Fake would imply a knock off. The problem is the xxxxxFire batteries don't have a set standard so your mix of batteries under the label is pretty common


----------



## David Sims

I have found an exceptional Ultrafire battery. I have an Ultrafire 18650 cell that runs my Romisen RC-T601 (XML T6 LED) flashlight on medium setting (initially about 700 lumens) for about 6h30m (4.23V to 3.15V), suggesting it has a capacity around 5000 mAh. By comparison, using the same flashlight and the same medium setting with a 3100 mAh AW 18650 cell keeps the light going for only 4 hours (4.23V to 2.73V). Most of the Ultrafire batteries I've bought are inferior. I don't know what makes this special one so excellent.

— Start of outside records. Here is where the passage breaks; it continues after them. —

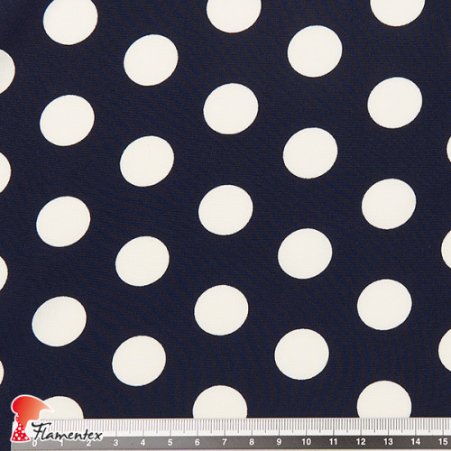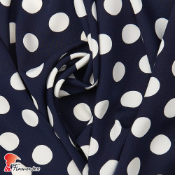 Tejido de crespón tipo georgette, con algo de elasticidad. Estampado de lunares de 2,00 cms.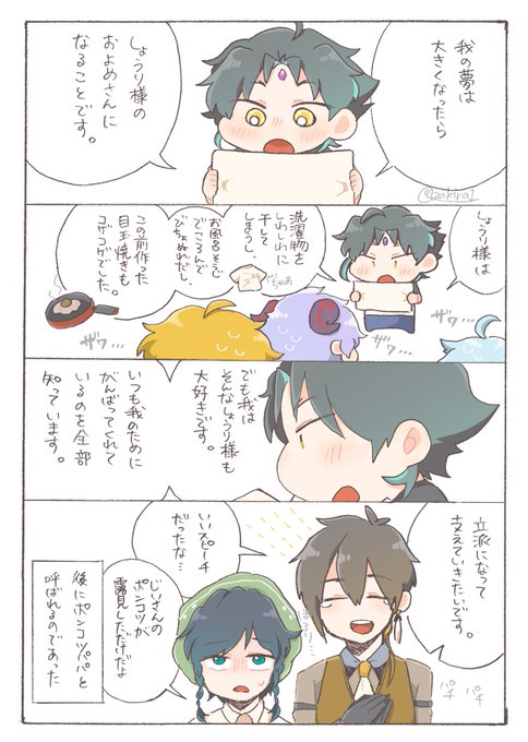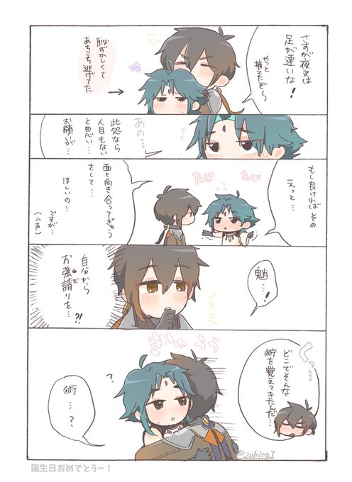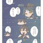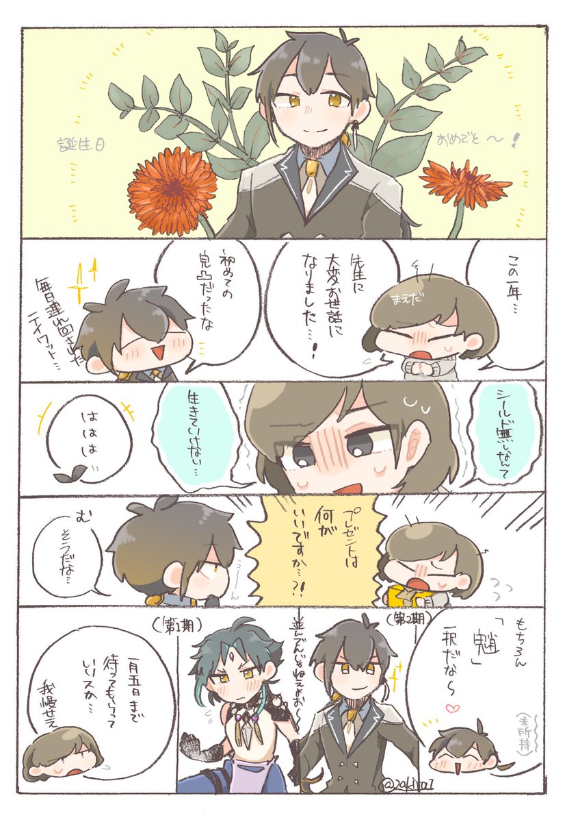 奇跡的にゲンシン始めて最初に描いた漫画がショくんのお誕生日で、今年最後の描き納めが先生のお誕生日漫画でした!! この一年たくさんしょしょ描かせてもろて幸せなものとなりました!改めて見返すとショくんの髪色とか全体的な色合いが増えてて成長を感じる…ありがとう‼️🎊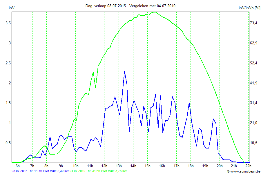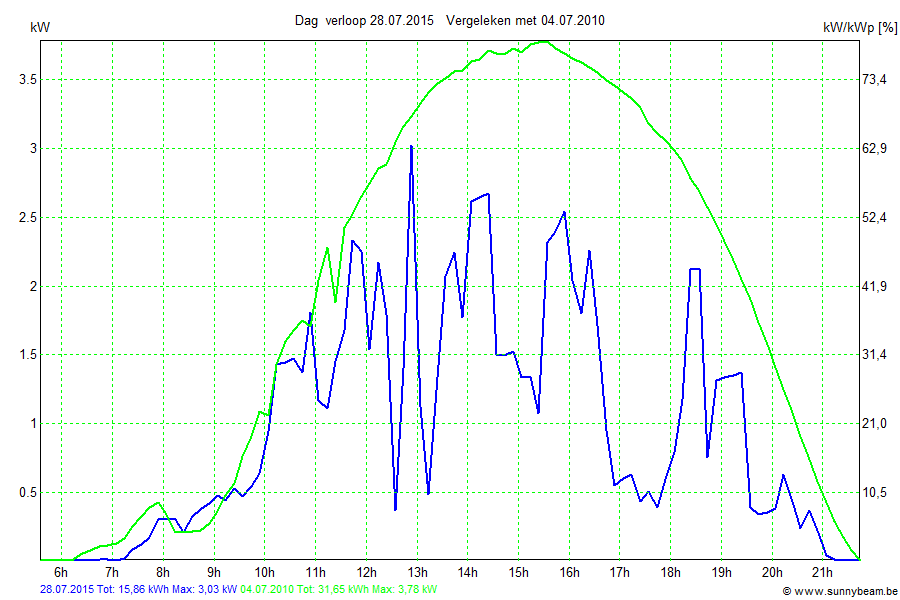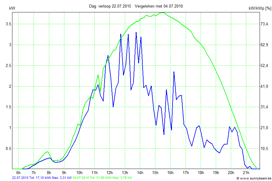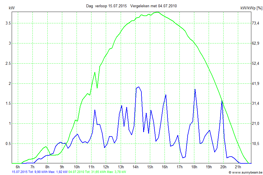 | Datum | Opbrengst [kWh] | Opbrengst [kWh/kWp] | Verwacht [%] |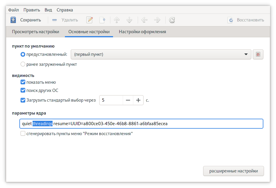 threadirqs. Подробнее об этом можно почитать здесь, но если не терпится и хочется попроще, то ставим Grub Customizer (пакетgrub-customizer), открываем вкладку “Основные настройки” и добавляемthreadirqsв строку с параметрами ядра: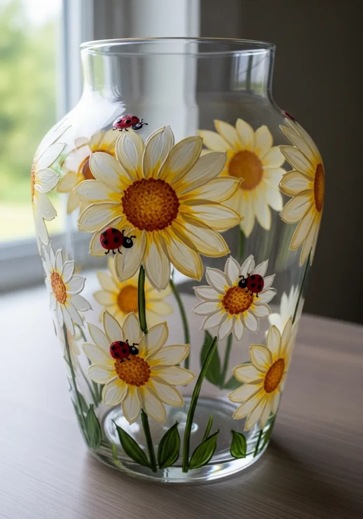 This charming glass vase features a whimsical garden scene brought to life with thick acrylic paints. The design showcases bright white and buttery yellow sunflowers with textured brown centers that pop right off the smooth glass surface. Tiny red ladybugs with black spots crawl playfully across the petals and green stems, adding a sweet touch of nature. The brushwork is visible and deliberate, giving the whole piece a lovely handcrafted feel that catches the light beautifully through the clear glass.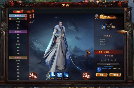 军师激活后可在军师界面左方消耗同类型的军师精魄进行提升军师本体属性,大幅增强军师技能伤害和战力。
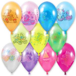 Шар латексный с рисунком 12"/30см, ассорти из 10-12 цветов, 6-8 дизайнов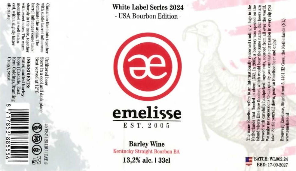 | Biernaam op etiket | White Label Barley Wine Kentucky Straight Bourbon BA |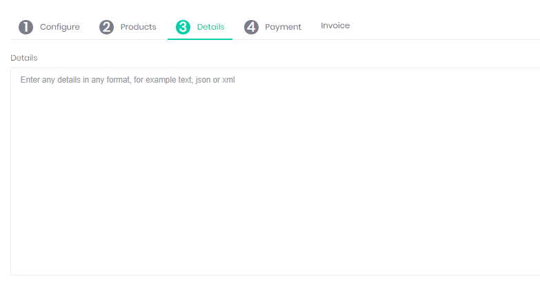 Navigate to Order Details section to put any order details in any format. You can use this section to store order related information in json or xml format.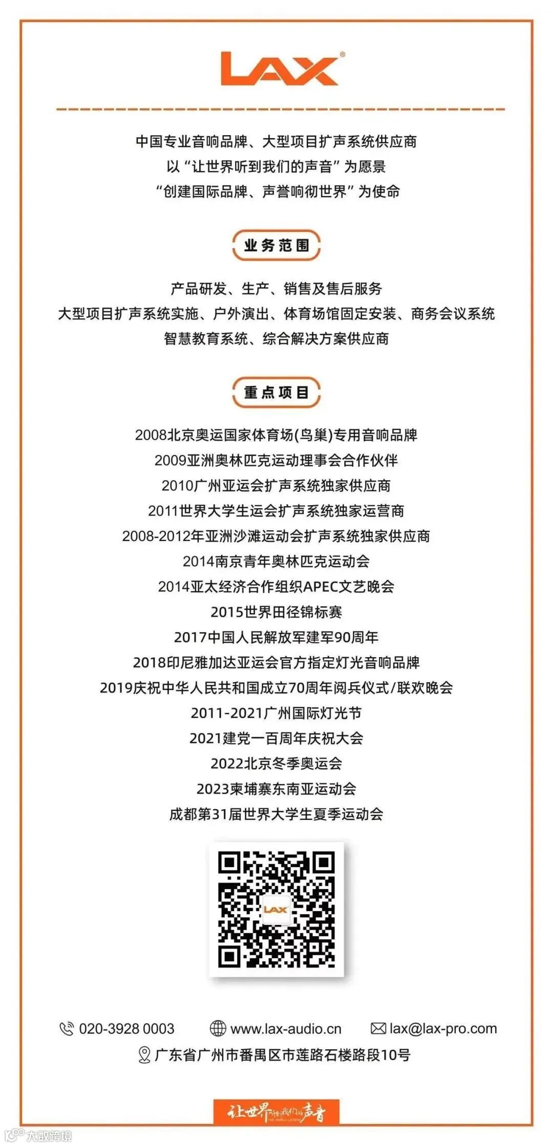 LAX为场馆量身定制的高品质扩声系统,正以其卓越表现,清晰传递赛场上的每一声呐喊与喝彩,为运动员和观众营造沉浸式的竞技氛围。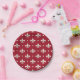 Plato De Papel Patrón de flor de plata de lis en fondo rojo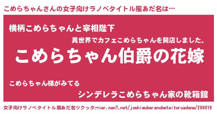 男性向けラノベタイトル風あだ名 | 『うちの娘の為ならば、俺はもしかしたらこめらちゃんも倒せるかもしれない。』 |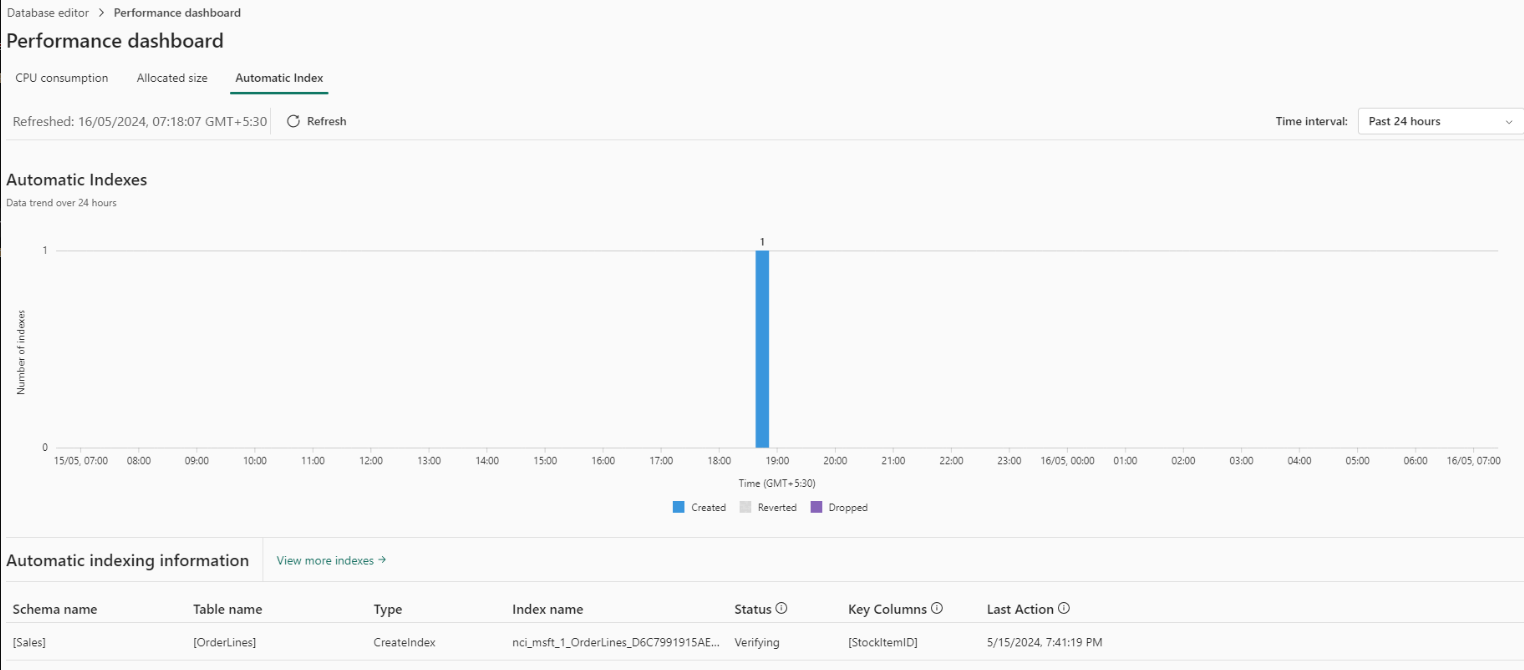 No portal de malha, a guia Índice automático mostra um histórico e o status dos índices criados automaticamente:

I marked it with a "G" to keep track of it.


----------



## HKJ

David Sims said:


> I have found an exceptional Ultrafire battery. I have an Ultrafire 18650 cell that runs my Romisen RC-T601 (XML T6 LED) flashlight on medium setting (initially about 700 lumens) for about 6h30m (4.23V to 3.15V), suggesting it has a capacity around 5000 mAh. By comparison, using the same flashlight and the same medium setting with a 3100 mAh AW 18650 cell keeps the light going for only 4 hours (4.23V to 2.73V). Most of the Ultrafire batteries I've bought are inferior. I don't know what makes this special one so excellent.



Probably a high internal resistance, i.e. the light is running at lower brightness and less current consumption.


----------



## bshanahan14rulz

http://laserpointerforums.com/f67/fake-ultrafire-18650s-72833.html
Never seen one of those stuffed into an 18650... I'll repost here if OP ever replies back with his consent.


----------



## Helmut.G

bshanahan14rulz said:


> http://laserpointerforums.com/f67/fake-ultrafire-18650s-72833.html
> Never seen one of those stuffed into an 18650... I'll repost here if OP ever replies back with his consent.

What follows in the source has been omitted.